If conservatives are interested in taking Sailor’s advice, they’ve been—as Siddiqui puts it—‘cautious’ in their approach. Paul, one of the few Republican candidates who has openly acknowledged the black community’s concerns about police brutality, blundered when he attributed Baltimore’s uprising this past spring to “the breakdown of the family structure, the lack of fathers, [and] the lack of sort of a moral code in our society,” without acknowledging black residents’ concerns about the role of the police in fueling the violence. Establishment wunderkind Marco Rubio has publicly said that concerns about the unjust treatment of blacks at the hands of law enforcement “is a legitimate issue,” but hasn’t offered any indication that he would take up the cause if he were to win. And other candidates, eager to appeal to the party’s remaining (but waning) tough-on-crime wing, have only raised race as a means of discussing the black community’s supposed anti-police bias and the rising crime wave that it isn’t actually causing—leaving other key issues like voting rights, the racial wealth gap, and education still on the table.

To some extent, conservative intransigence on racial matters has been shielded from internal scrutiny due to the very recent rise of famed African-American neurosurgeon Ben Carson in the GOP polls, a development that some conservatives celebrate as an indication of the Republican Party’s progress on race. However, while Carson’s stories of overcoming a violent childhood, frequent deployment of respectability politics, and use of rapping campaign ads seem to speak to what The Daily Beast’s Goldie Taylor categorized as strategies “that served to deepen his public policy bona fides and ingratiate him with working and middle class white audiences,” black political commentators have been quick to point out that the elevation of a candidate that some on the right believe would be the first ‘real black president’ hasn’t led to any substantial efforts to address the specific concerns of black voters. “Carson has given the GOP a black man who is the personification of the nation’s progress but doesn’t much remind the Republicans about the institutionally embedded racial problems that remain,” Isaac Bailey recently wrote for Politico Magazine. “His presence makes it easier for the GOP to continue downplaying the inequalities most African-Americans want given more priority.”

As the GOP argues that it has found the candidate whose appearance makes him the most suitable to replace Obama, the Democrats have focused on convincing voters that they are the direct heirs to the current president’s political legacy. Sanders’s anti-establishment ideology and history of civil rights activism makes him the candidate that his supporters think should be the most attractive to young black activists, but his relative inexperience on the racial justice issues of today prompted Black Lives Matter activists to disrupt his events several times this summer and demand that he release a racial justice platform (which he did shortly thereafter).
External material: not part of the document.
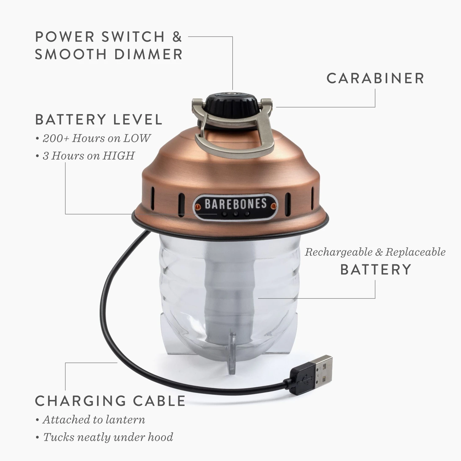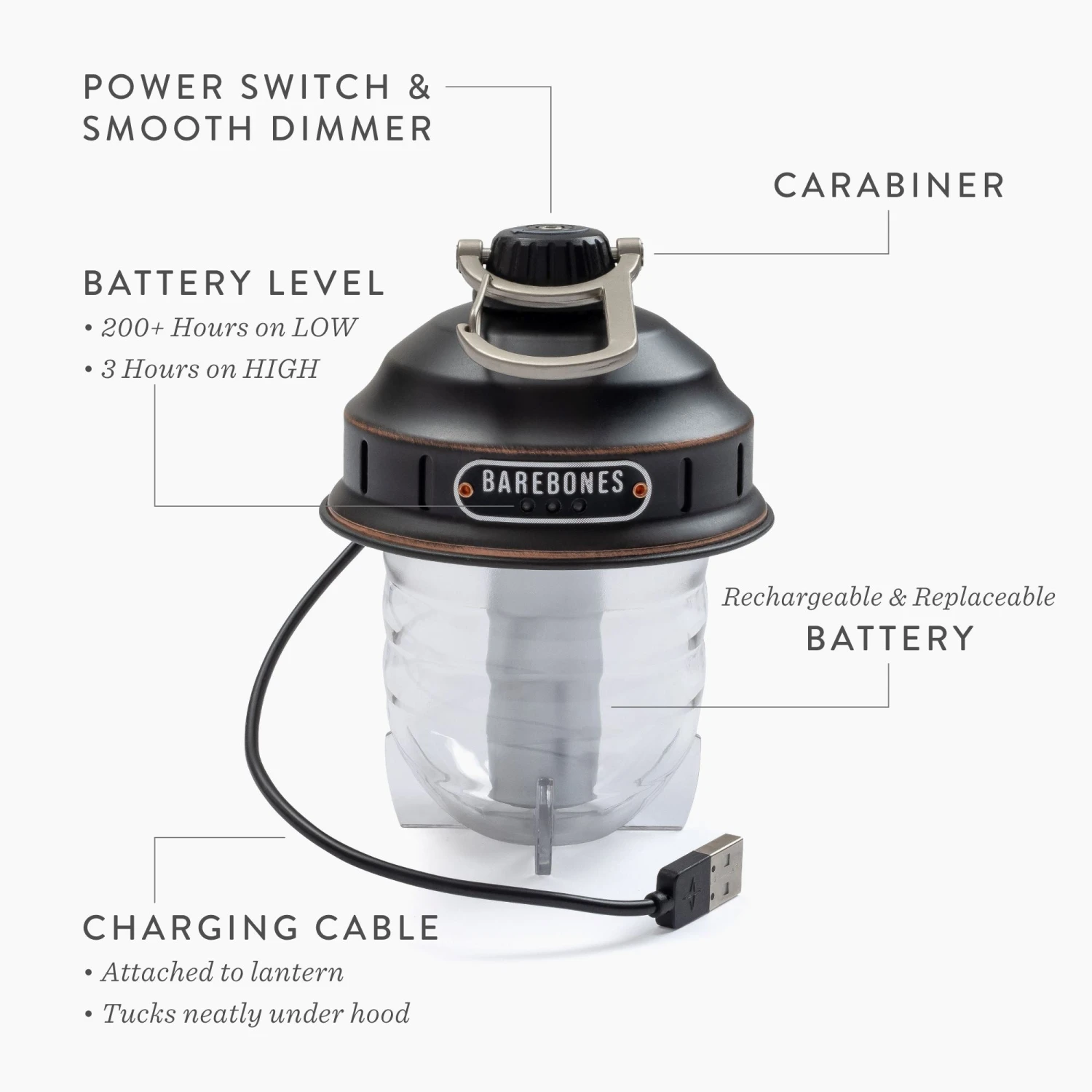 The Beacon Hanging Light is our go-to camp and adventure lantern. This portable light easily hangs with its carabiner top or stands on its sturdy base, and a smooth dimming feature brightens your surroundings & sets the mood. This small lantern comes with an attached 9-inch USB cord and an additional 35-inch cord for its rechargeable battery—which lasts 200+ hours on low or three hours on high. And thanks to a convenient battery life indicator, you’ll never be left in the dark.

Hillary Clinton is a familiar face among older, more moderate black voters, but, as The New Republic’s Suzy Khimm points out, many “haven’t forgotten that her husband’s tough-on-crime policies are part of the problem when it comes to systemic racism in criminal justice.” And while former Maryland governor Martin O’Malley actually has experience leading a predominantly black city, the fact that the “zero-tolerance” policies that fueled Baltimore’s discontent this spring were implemented while he was still mayor has impeded his standing among black voters. While it is tempting to say that Democrats don’t have to work for the black vote, the truth is that many voters are frustrated with their treatment at the hands of a party that, in the words of Black Lives Matter co-founder Patrisse Cullors, “has milked the Black vote while creating policies that decimate Black communities.”

All of this leads to a still unanswered question: How will the black electorate vote in 2016? That will likely depend on how candidates approach a voting bloc that is united on certain key issues but ideologically divided on others. Both parties will need to put in considerable work if they hope to have black voters backing them at the polls. The outcome of the election may depend on it.